------ SOURCE DATA ------

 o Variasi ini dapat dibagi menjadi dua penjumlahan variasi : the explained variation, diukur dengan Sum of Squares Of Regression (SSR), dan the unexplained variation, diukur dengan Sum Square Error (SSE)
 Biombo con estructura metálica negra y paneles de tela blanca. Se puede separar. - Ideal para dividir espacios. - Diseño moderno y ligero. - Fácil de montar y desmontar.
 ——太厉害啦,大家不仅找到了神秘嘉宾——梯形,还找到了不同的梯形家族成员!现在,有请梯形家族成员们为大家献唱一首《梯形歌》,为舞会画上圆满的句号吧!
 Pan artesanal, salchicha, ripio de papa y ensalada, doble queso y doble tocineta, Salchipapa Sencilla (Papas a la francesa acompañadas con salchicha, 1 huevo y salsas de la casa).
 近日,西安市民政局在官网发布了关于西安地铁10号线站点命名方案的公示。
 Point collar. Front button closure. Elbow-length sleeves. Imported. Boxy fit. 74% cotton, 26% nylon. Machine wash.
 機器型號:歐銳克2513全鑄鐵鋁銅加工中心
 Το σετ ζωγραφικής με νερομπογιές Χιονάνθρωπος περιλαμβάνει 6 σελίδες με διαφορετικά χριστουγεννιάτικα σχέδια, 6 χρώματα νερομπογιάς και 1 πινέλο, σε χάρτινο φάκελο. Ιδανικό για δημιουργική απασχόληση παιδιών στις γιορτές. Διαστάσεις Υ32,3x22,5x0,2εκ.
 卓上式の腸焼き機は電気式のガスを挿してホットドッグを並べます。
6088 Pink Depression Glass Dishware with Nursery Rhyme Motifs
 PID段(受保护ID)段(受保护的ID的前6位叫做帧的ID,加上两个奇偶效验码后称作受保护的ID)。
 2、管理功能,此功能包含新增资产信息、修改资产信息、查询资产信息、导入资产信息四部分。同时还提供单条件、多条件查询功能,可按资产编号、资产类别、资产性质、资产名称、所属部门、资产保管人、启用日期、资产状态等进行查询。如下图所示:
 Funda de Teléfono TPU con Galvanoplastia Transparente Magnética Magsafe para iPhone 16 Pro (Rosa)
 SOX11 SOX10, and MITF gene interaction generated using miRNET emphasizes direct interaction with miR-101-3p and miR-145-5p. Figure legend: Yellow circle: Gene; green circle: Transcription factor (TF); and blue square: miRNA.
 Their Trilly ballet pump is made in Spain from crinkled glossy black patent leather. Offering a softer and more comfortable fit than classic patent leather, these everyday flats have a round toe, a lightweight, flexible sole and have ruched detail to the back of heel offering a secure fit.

------

Please retype the entries above in full, exactly as they stand.

 o Variasi ini dapat dibagi menjadi dua penjumlahan variasi : the explained variation, diukur dengan Sum of Squares Of Regression (SSR), dan the unexplained variation, diukur dengan Sum Square Error (SSE)
 Biombo con estructura metálica negra y paneles de tela blanca. Se puede separar. - Ideal para dividir espacios. - Diseño moderno y ligero. - Fácil de montar y desmontar.
 ——太厉害啦,大家不仅找到了神秘嘉宾——梯形,还找到了不同的梯形家族成员!现在,有请梯形家族成员们为大家献唱一首《梯形歌》,为舞会画上圆满的句号吧!
 Pan artesanal, salchicha, ripio de papa y ensalada, doble queso y doble tocineta, Salchipapa Sencilla (Papas a la francesa acompañadas con salchicha, 1 huevo y salsas de la casa).
 近日,西安市民政局在官网发布了关于西安地铁10号线站点命名方案的公示。
 Point collar. Front button closure. Elbow-length sleeves. Imported. Boxy fit. 74% cotton, 26% nylon. Machine wash.
 機器型號:歐銳克2513全鑄鐵鋁銅加工中心
 Το σετ ζωγραφικής με νερομπογιές Χιονάνθρωπος περιλαμβάνει 6 σελίδες με διαφορετικά χριστουγεννιάτικα σχέδια, 6 χρώματα νερομπογιάς και 1 πινέλο, σε χάρτινο φάκελο. Ιδανικό για δημιουργική απασχόληση παιδιών στις γιορτές. Διαστάσεις Υ32,3x22,5x0,2εκ.
 卓上式の腸焼き機は電気式のガスを挿してホットドッグを並べます。
6088 Pink Depression Glass Dishware with Nursery Rhyme Motifs
 PID段(受保护ID)段(受保护的ID的前6位叫做帧的ID,加上两个奇偶效验码后称作受保护的ID)。
 2、管理功能,此功能包含新增资产信息、修改资产信息、查询资产信息、导入资产信息四部分。同时还提供单条件、多条件查询功能,可按资产编号、资产类别、资产性质、资产名称、所属部门、资产保管人、启用日期、资产状态等进行查询。如下图所示:
 Funda de Teléfono TPU con Galvanoplastia Transparente Magnética Magsafe para iPhone 16 Pro (Rosa)
 SOX11 SOX10, and MITF gene interaction generated using miRNET emphasizes direct interaction with miR-101-3p and miR-145-5p. Figure legend: Yellow circle: Gene; green circle: Transcription factor (TF); and blue square: miRNA.
 Their Trilly ballet pump is made in Spain from crinkled glossy black patent leather. Offering a softer and more comfortable fit than classic patent leather, these everyday flats have a round toe, a lightweight, flexible sole and have ruched detail to the back of heel offering a secure fit.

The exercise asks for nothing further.